DATASET EXTRACT:
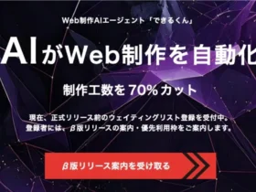 Web制作AIエージェント「できるくんAI Web制作」が3月に正式リリースされます。AIの力でWeb制作のディレクションから公開までを効率化し、制作期間やコストを大幅に削減できる画期的なサービスです。
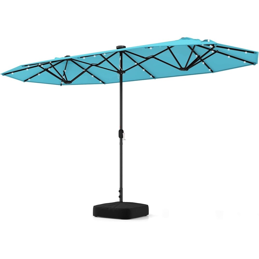 13FT Double-Sided Solar Patio Umbrella with 36 LED Lights, Vented Top, Crank Handle, 12 Ribs, Weighted Base for Outdoor Use
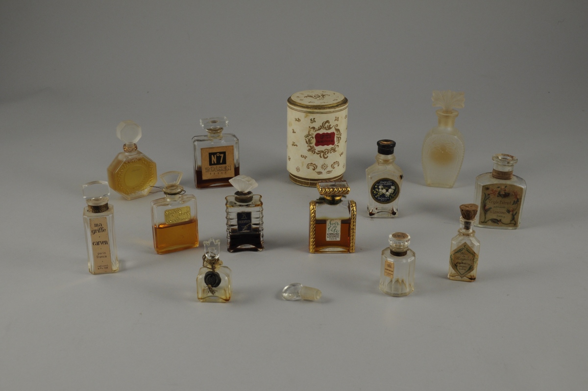 MURATI, Fleurs de Murati (Haut. 10,5 cm.); VERLY, Sourire de Paris (Haut. 7 cm.); GERMAINE LECOMTE, Soir de Fête (Haut. 6 cm.); ROLSEN, N°7 (Haut. 7 cm.); GIRAUD FILS, Fleur de Muguet (Haut. 5,5 cm.); C. LEMOINE, Triple Extrait aux Fleurs (Haut. 8,5 cm.); DELIEUVIN, Muguet du Valsuzon (Haut. 7,5 cm.): LUBIN, Ferveur (Haut. 6,5 cm.); CARVEN, Ma Griffe (Haut. 7,5 cm.); LE GALION, Sortilège (Haut. 4,5 cm.); RAPHAEL, Flacon (Haut. 5 cm.); PACOMA, Swann (Haut. 8 cm.).
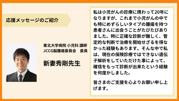 このようなケースを幸運と考えず、日本中で、メチル化解析を必要とする全ての小児脳腫瘍の患者さんたちに検査の機会を届けられるよう、皆さまのご支援を心よりお願い申し上げます。
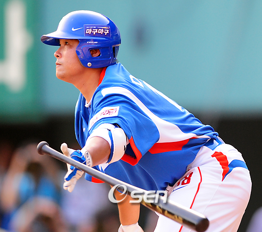 '국제용 선수'라는 수식어는 결코 과장되지 않았다. 아마 시절부터 국가대표 단골 손님으로 군림했던 '코뿔소' 김동주(32, 두산)가 호쾌한 방망이 실력을 뽐내며 건재를 과시했다. 팔꿈치 부상으로 두 차례 평가전에 나서지 않았던 김동주는 6일 잠실구장에서 열린 쿠바와의 두 번째 대결에 3루수 겸 5번 타자로 선발 출장, 3타수 1안타 3타점 1득점으로 15-3 승리를 견인했다. 코뿔소의 불방망이는 1회부터 달아오르기 시작했다. 이종욱과 이용규가 내야 땅볼로 물러난 뒤 이진영의 볼넷, 이승엽의 내야 안타로 만든 2사 1,2루서 좌익수 쪽 2타점 2루타를 터트렸다. 3회 볼넷을 골라 1루 베이스를 밟은 김동주는 진갑용의 중전 적시타로 홈을 밟아 첫 득점을 올렸다. 6-0으로 앞선 4회 1사 1,3루 추가 득점 찬스에서 세 번째 타석에 들어선 김동주는 유격수 앞 땅볼로 3루 주자 이용규를 홈으로 불러 들여 세 번째 타점을 올렸다. 6회 3루수 앞 땅볼로 물러난 김동주는 7회 대타 김현수로 교체됐다. 김동주는 이날 경기 후 인터뷰를 통해 쿠바 대표팀에 대한 경계를 늦추지 않았다. 김동주는 "쿠바는 절대 이런 팀이 아니다"며 "10%도 안보여줬다. 본선에서는 분명 달라질 것"이라고 힘줘 말했다. 이어 김동주는 첫 타석에서 2타점 2루타를 터트린 것에 대해 "2경기 동안 나오지 못해 안타보다는 팔을 점검한다는 생각이었다"며 "자고 일어나면 10분 동안 통증 때문에 고생한다. 3주 동안 아팠다. 도핑테스트 때문에 주사도 맞지 못하고 계속 쌓여 악화됐다. 그러나 올림픽에 나가면 참고 해야 하지 않겠냐"고 강한 근성을 드러냈다. what@osen.co.kr 한국 올림픽야구대표팀이 2008 베이징 올림픽을 앞두고 6일 오후 잠실구장에서 쿠바대표팀과 평가전을 가졌다. 1회초 2사 1,2루 김동주가 좌중간 2타점 적시타를 날리고 있다./잠실=민경훈 기자 rumi@osen.co.kr
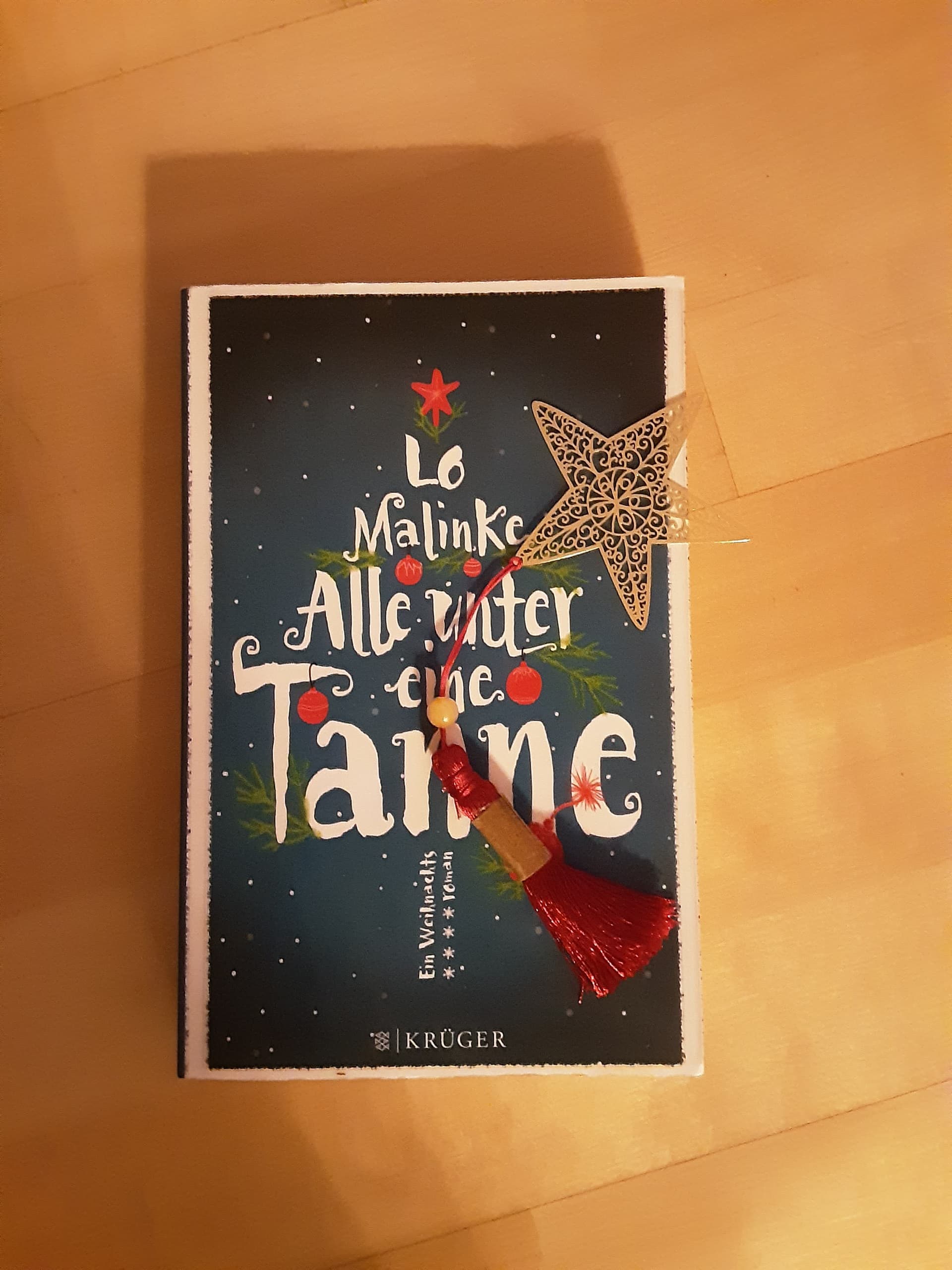 Uff, jetzt kann ich aufatmen. Ich hatte schon Angst, mein Papierstern würde durch die schweren Bücher evtl. zerdrückt. Aber er scheint den Transport gut überstanden zu haben.

TO DO: Retype the records verbatim, but not their images.

WRITTEN ANSWER:
 Web制作AIエージェント「できるくんAI Web制作」が3月に正式リリースされます。AIの力でWeb制作のディレクションから公開までを効率化し、制作期間やコストを大幅に削減できる画期的なサービスです。
 13FT Double-Sided Solar Patio Umbrella with 36 LED Lights, Vented Top, Crank Handle, 12 Ribs, Weighted Base for Outdoor Use
 MURATI, Fleurs de Murati (Haut. 10,5 cm.); VERLY, Sourire de Paris (Haut. 7 cm.); GERMAINE LECOMTE, Soir de Fête (Haut. 6 cm.); ROLSEN, N°7 (Haut. 7 cm.); GIRAUD FILS, Fleur de Muguet (Haut. 5,5 cm.); C. LEMOINE, Triple Extrait aux Fleurs (Haut. 8,5 cm.); DELIEUVIN, Muguet du Valsuzon (Haut. 7,5 cm.): LUBIN, Ferveur (Haut. 6,5 cm.); CARVEN, Ma Griffe (Haut. 7,5 cm.); LE GALION, Sortilège (Haut. 4,5 cm.); RAPHAEL, Flacon (Haut. 5 cm.); PACOMA, Swann (Haut. 8 cm.).
 このようなケースを幸運と考えず、日本中で、メチル化解析を必要とする全ての小児脳腫瘍の患者さんたちに検査の機会を届けられるよう、皆さまのご支援を心よりお願い申し上げます。
 '국제용 선수'라는 수식어는 결코 과장되지 않았다. 아마 시절부터 국가대표 단골 손님으로 군림했던 '코뿔소' 김동주(32, 두산)가 호쾌한 방망이 실력을 뽐내며 건재를 과시했다. 팔꿈치 부상으로 두 차례 평가전에 나서지 않았던 김동주는 6일 잠실구장에서 열린 쿠바와의 두 번째 대결에 3루수 겸 5번 타자로 선발 출장, 3타수 1안타 3타점 1득점으로 15-3 승리를 견인했다. 코뿔소의 불방망이는 1회부터 달아오르기 시작했다. 이종욱과 이용규가 내야 땅볼로 물러난 뒤 이진영의 볼넷, 이승엽의 내야 안타로 만든 2사 1,2루서 좌익수 쪽 2타점 2루타를 터트렸다. 3회 볼넷을 골라 1루 베이스를 밟은 김동주는 진갑용의 중전 적시타로 홈을 밟아 첫 득점을 올렸다. 6-0으로 앞선 4회 1사 1,3루 추가 득점 찬스에서 세 번째 타석에 들어선 김동주는 유격수 앞 땅볼로 3루 주자 이용규를 홈으로 불러 들여 세 번째 타점을 올렸다. 6회 3루수 앞 땅볼로 물러난 김동주는 7회 대타 김현수로 교체됐다. 김동주는 이날 경기 후 인터뷰를 통해 쿠바 대표팀에 대한 경계를 늦추지 않았다. 김동주는 "쿠바는 절대 이런 팀이 아니다"며 "10%도 안보여줬다. 본선에서는 분명 달라질 것"이라고 힘줘 말했다. 이어 김동주는 첫 타석에서 2타점 2루타를 터트린 것에 대해 "2경기 동안 나오지 못해 안타보다는 팔을 점검한다는 생각이었다"며 "자고 일어나면 10분 동안 통증 때문에 고생한다. 3주 동안 아팠다. 도핑테스트 때문에 주사도 맞지 못하고 계속 쌓여 악화됐다. 그러나 올림픽에 나가면 참고 해야 하지 않겠냐"고 강한 근성을 드러냈다. what@osen.co.kr 한국 올림픽야구대표팀이 2008 베이징 올림픽을 앞두고 6일 오후 잠실구장에서 쿠바대표팀과 평가전을 가졌다. 1회초 2사 1,2루 김동주가 좌중간 2타점 적시타를 날리고 있다./잠실=민경훈 기자 rumi@osen.co.kr
 Uff, jetzt kann ich aufatmen. Ich hatte schon Angst, mein Papierstern würde durch die schweren Bücher evtl. zerdrückt. Aber er scheint den Transport gut überstanden zu haben.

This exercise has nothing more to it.